Читать «Последняя тайна жизни (Этюды о творчестве)» онлайн - страница 2
Елена Викторовна Сапарина
Он вышел на штурм этой «последней тайны жизни» — человеческого сознания, мышления.
В чем же состояла тайна его жизни, внутренняя драматургия его незаурядной судьбы?
«СПАСИБО МАТЕРИ С ОТЦОМ…»
Когда Иван Павлов впервые прибыл в Петербург, было ему всего двадцать лет. Не сразу привык он к каменно-громадной северной столице. Все здесь было не так, как в родной Рязани. Дома все больше каменные, каменные же мосты, река и та камнем одета — нигде поросшего кустами берега не увидишь, ногой по земле не ступишь.

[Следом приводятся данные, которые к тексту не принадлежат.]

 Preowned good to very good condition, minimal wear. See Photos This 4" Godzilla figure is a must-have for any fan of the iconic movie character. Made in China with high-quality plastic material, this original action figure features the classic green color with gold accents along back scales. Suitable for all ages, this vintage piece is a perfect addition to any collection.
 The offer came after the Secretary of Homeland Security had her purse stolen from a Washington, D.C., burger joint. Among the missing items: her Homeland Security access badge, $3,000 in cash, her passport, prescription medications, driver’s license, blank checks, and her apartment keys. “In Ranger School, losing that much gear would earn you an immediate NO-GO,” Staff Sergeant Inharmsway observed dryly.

Камень — серый, вода в реке — серая, холодная. И пахнет не речной привычной сыростью, а незнакомым морским запахом — просмоленных канатов, гниющих водорослей. А корабли хоть и по реке плывут, но видно, что нездешние — огромные фрегаты с парусами, напитавшимися солеными морскими ветрами.
То ли дело родимый Трубеж, заваленный бревнами, загруженный барками, плотами, лодками. С крутым, в ивняке этим берегом и пологим, луговым — противоположным. С обрыва видна широкая лента Оки. А уж про Оку и говорить нечего. Там золотые песчаные плесы и луга, луга без конца и края. Летом, в сенокос, весь город, бывало, пропахнет луговыми цветами, привяленной травой. Плывут по улочкам высоченные душистые возы сена на торжище — сенной базар.

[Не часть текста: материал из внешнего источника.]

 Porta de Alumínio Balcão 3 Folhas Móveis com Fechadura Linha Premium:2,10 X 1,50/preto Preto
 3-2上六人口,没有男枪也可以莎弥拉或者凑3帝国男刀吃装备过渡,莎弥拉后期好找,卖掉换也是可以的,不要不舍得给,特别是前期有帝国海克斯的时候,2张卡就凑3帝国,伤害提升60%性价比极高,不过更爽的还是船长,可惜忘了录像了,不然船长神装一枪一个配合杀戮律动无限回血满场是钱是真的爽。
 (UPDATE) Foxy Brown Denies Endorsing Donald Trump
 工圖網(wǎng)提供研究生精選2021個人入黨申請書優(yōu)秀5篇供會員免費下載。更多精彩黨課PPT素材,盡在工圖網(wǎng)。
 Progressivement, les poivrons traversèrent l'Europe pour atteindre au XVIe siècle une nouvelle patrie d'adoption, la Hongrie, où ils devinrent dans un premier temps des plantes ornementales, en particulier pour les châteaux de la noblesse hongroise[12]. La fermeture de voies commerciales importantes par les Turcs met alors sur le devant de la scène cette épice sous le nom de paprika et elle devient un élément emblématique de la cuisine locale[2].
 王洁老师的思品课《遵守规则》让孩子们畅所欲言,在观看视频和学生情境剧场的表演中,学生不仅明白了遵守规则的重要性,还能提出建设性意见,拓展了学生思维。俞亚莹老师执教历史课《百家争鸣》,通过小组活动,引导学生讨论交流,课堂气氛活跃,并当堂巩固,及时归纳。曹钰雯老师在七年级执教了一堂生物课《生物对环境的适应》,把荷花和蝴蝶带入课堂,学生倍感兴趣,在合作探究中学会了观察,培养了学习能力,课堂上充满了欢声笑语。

Священнослужителю Павлову обычно отводили делянку для сенокоса на приокских заливных лугах. И отправлялись туда на косьбу всем семейством. Да и мать всегда собирала и сушила травы. С тех пор и привык Иван к летним травяным запахам, словно бы пропитался ими.
Каменного же мало было в Рязани. Разве в центре гордость города — знаменитый собор Бориса и Глеба да с десяток самых главных построек. А так — Рязань была деревянною. На Соборной площади булыжная мостовая, а тротуары все одно деревянные. На окраинной же Никольской, где жили Павловы, улица поросла травой, летом в жару прямо посреди нее купались в пыли куры. И дом их был деревянный, одноэтажный, с небольшой — в три окошка — светелкой наверху, где размещались сыновья и постояльцы — сельские ребята, приехавшие в город на учебу, которых мать для приработка брала на пансион.

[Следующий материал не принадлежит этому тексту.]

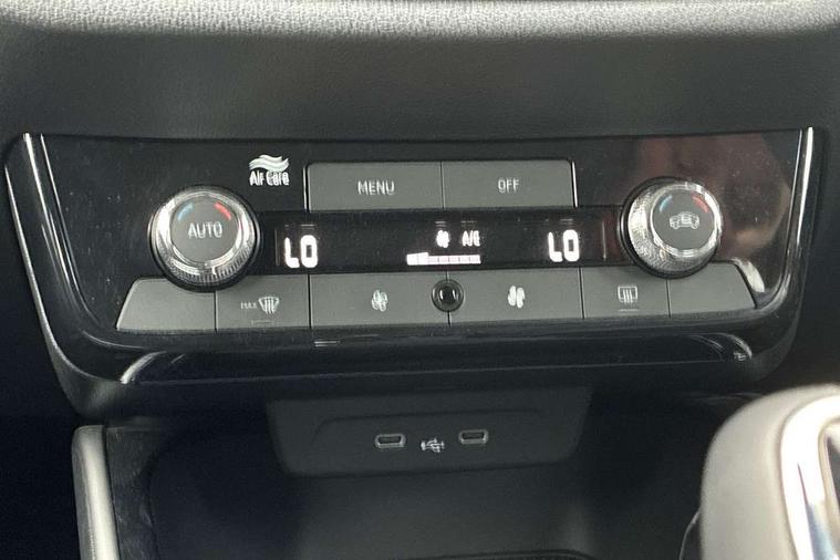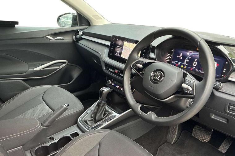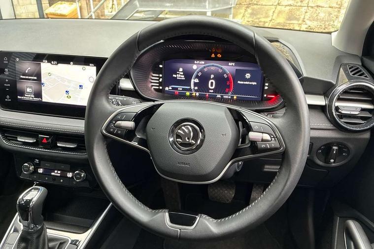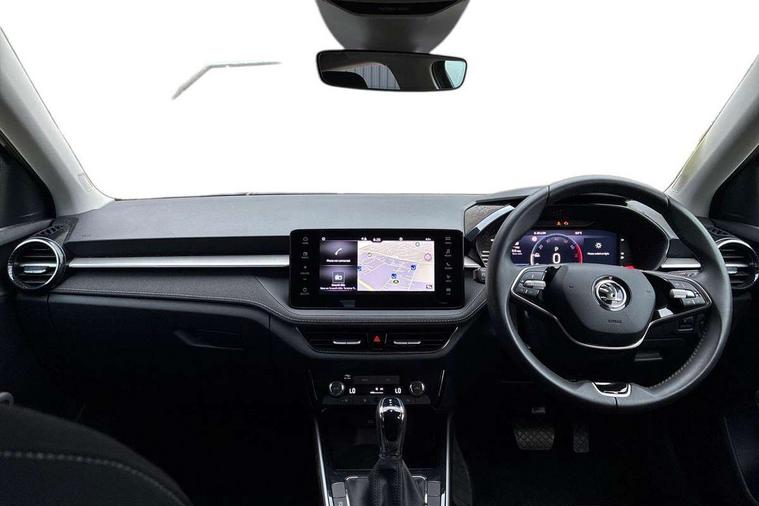 Advanced driver attention and drowsiness monitor, Bluetooth connection, Electromechanical power steering, Exterior temperature gauge, Service interval indicator, Traffic sign recognition, Virtual cockpit with 10.25" colour display, Wireless SmartLink for Apple CarPlay and Android Auto, 6 Speakers (4 in front and 2 in rear), 9.2" colour display skoda navigation system with voice control and web radio, Auxiliary socket for external MP3 player, DAB digital radio reception, Auto dimming rear view mirror, Body colour door mirrors, Body coloured bumpers, Chrome window surround, Door mirror integrated indicators, Front and rear electric windows, Front window wiper intermittent control, Headlight range control - Automatic, Ice scraper in fuel cap, LED 3rd brake light, LED daytime running lights with coming and leaving home feature, LED rear lights, Privacy glass, Rear LED fog light, Rear side wing doors, Rear window wiper with washing nozzles, Roof mounted spoiler, SKODA tailgate lettering in chrome, Unique dark chrome design logo on alloy wheels, 2 LED reading lights in front and rear, 3 rear headrests, Backrest split and folding, Central console with removable cup holder and storage box, Chrome handbrake release button, Comfort seats, Door sills with fabia badging, Dual zone air conditioning with climatronic electronic control, Fabric upholstery, Front centre armrest, Gearshift knob/handle in leather, Hand brake lever handle in leather, Height adjustable front headrests, Height adjustable front seats, Height adjustable steering wheel, ISOFIX and TopTether anchorage points to the outer rear seats, ISOFIX and TopTether on the front passenger seat, Luggage compartment lighting, Manually adjustable lumbar support in front seats, Metallic grey interior door handles, Pollen filter, Rear seat bench unsplit, Single front passenger seat, Skoda lettering on steering wheel, Storm grey headlining, Sun visors with mirror and airbag label on passenger side, Textile floor mats, Ticket holder, Umbrella in drivers door, 3-point height adjustable front seats belts with pretensioner and force limiter, Automatic warning lights in case of crash, Driver and passengers airbag with switch off function, e-Call+, ESC including ABS, MSR, ASR, EDS, HBA and XDS, Front and rear seat belt warning, FRONT ASSIST (AEB City and AEB Inter Urban), Front side airbags, Head airbags, Hill hold control, One tone horn, Pedestrian protection, Three rear 3-points safety seat belts with pretensioner and force limiter including stop function for outer rear seat belts, Tyre pressure monitoring system, Anti-theft alarm system including immobiliser, interior monitoring, backup horn, and towing protection, Central locking with radio remote control, interior controls, SAFE function and 2 foldable keys, Black painted air vents, Metallic grey central console cover, Metallic grey upper decorative trim, Satin black door and side trim panel in front, Textile microsuede grey lower decorative trim with art grey stitching, Anti-theft wheel bolts protection, Super-low rolling resistance tyres,

Никольская — улица тенистая, вся в вязах и ветлах. Дом — за сплошным дощатым забором с высокой, тоже дощатой с крытым проемом калиткой. При доме яблоневый сад. Отец сам любил возиться в саду и сыновей сызмальства приучал к земле. И передал-таки свою любовь. На всю жизнь сохранил Иван привязанность к земле, всегда сам копал грядки, сажал овощи, ухаживал за деревьями и цветами.
В отцовском саду яблок в урожайные годы была тьма-тьмущая. Их и сушили, и продавали: все подспорье в хозяйстве, где много ртов — своих детей четверо, да племянники и другие родственники, коими бог не обидел.
А за домом пустырь — поросший бузиной и акацией «плац», как его все называли: раздолье для городков, в которые так любила играть рязанская детвора.
Как не хватало ему в чужом каменно-сером Петербурге этой травяной, деревянной, яблочной родной Рязани.
Тридцать шесть церквей насчитывалось в Рязани в ту пору. Отцу Ивану достался приход Николовысоковской церкви с длиннющей колокольней, за что и называвшейся чаще попросту Никола Долгошей. В сторожку к хромому звонарю Василию повадились бегать поповичи: слушали птиц, которых у того было великое множество, лазали на колокольню гонять голубей.